(Records shown Opens)

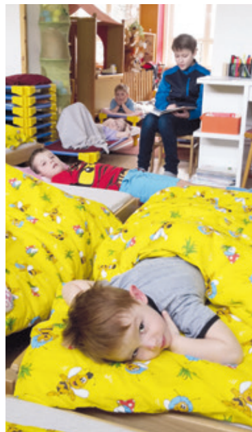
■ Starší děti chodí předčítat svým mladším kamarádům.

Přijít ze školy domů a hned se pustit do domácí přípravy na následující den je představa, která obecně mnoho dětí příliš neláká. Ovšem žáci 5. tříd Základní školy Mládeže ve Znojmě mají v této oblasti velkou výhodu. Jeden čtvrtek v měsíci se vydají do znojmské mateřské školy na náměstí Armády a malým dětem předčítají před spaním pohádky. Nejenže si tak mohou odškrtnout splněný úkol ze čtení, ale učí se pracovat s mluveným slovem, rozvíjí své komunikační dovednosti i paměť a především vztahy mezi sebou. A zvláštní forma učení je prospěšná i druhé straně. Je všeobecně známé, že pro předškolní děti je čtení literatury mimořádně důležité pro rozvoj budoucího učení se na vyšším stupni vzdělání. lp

(Records shown Closes)
(Records shown Opens)

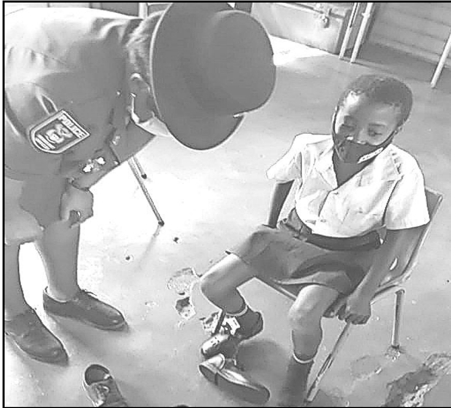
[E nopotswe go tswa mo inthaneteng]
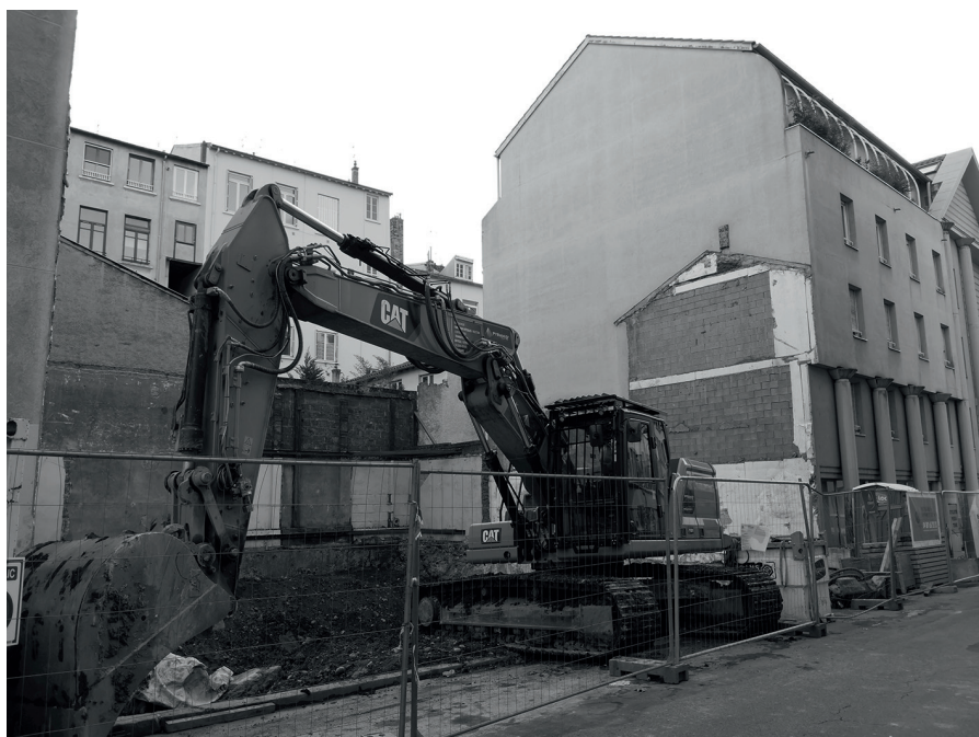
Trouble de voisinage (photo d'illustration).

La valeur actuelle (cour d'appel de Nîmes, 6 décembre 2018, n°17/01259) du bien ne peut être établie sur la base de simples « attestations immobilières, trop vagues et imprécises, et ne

(Records shown Closes)
(Records shown Opens)

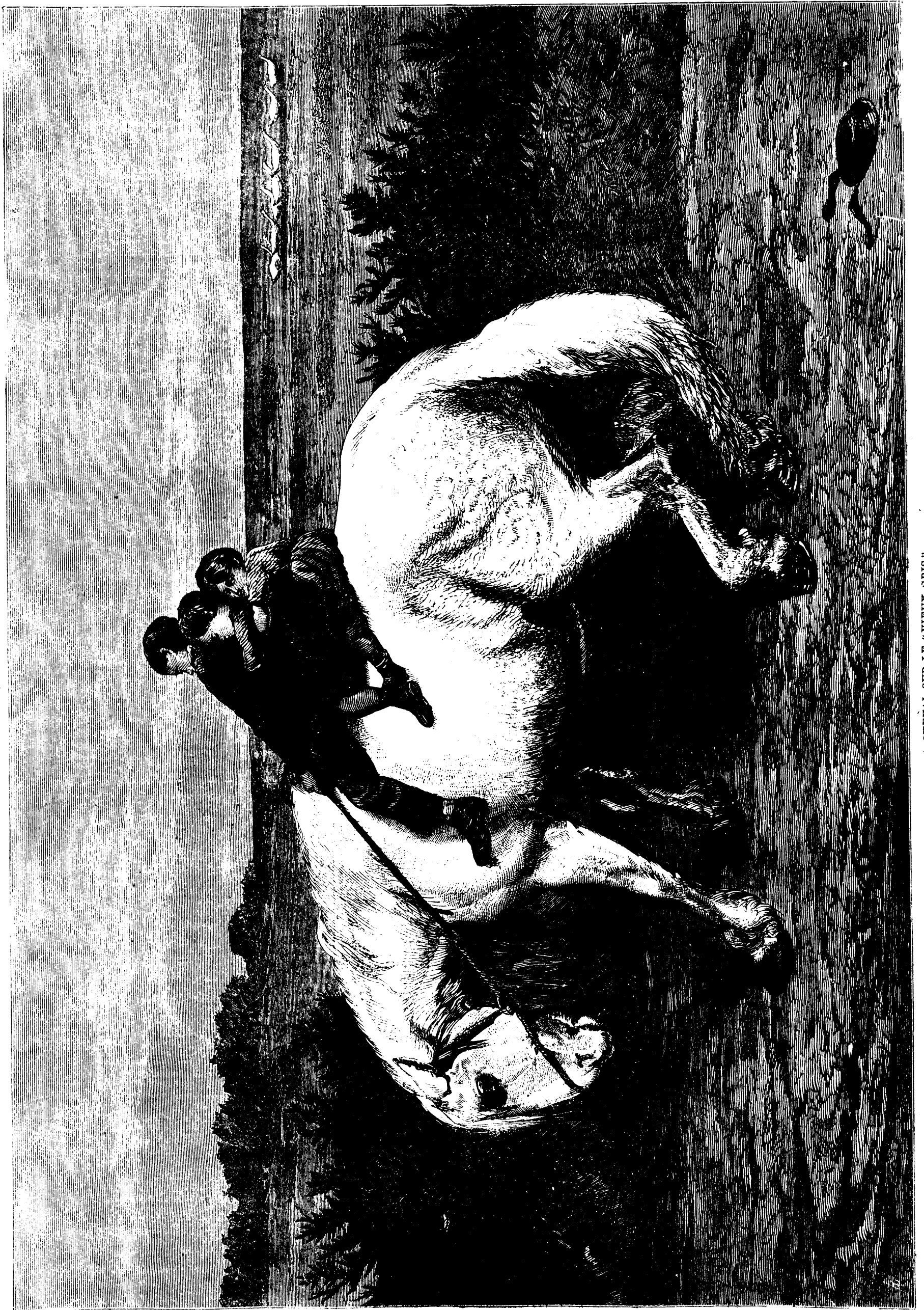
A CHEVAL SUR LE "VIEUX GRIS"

(Records shown Closes)

Exercise instructions: Using the data above, which lines fall from the one with "[E nopotswe go tswa mo inthaneteng]" through the one with "La valeur actuelle"? Repeat them exactly, ends included, minus any pictures.

Solution to the problem:
[E nopotswe go tswa mo inthaneteng]
Trouble de voisinage (photo d'illustration).

La valeur actuelle (cour d'appel de Nîmes, 6 décembre 2018, n°17/01259) du bien ne peut être établie sur la base de simples « attestations immobilières, trop vagues et imprécises, et ne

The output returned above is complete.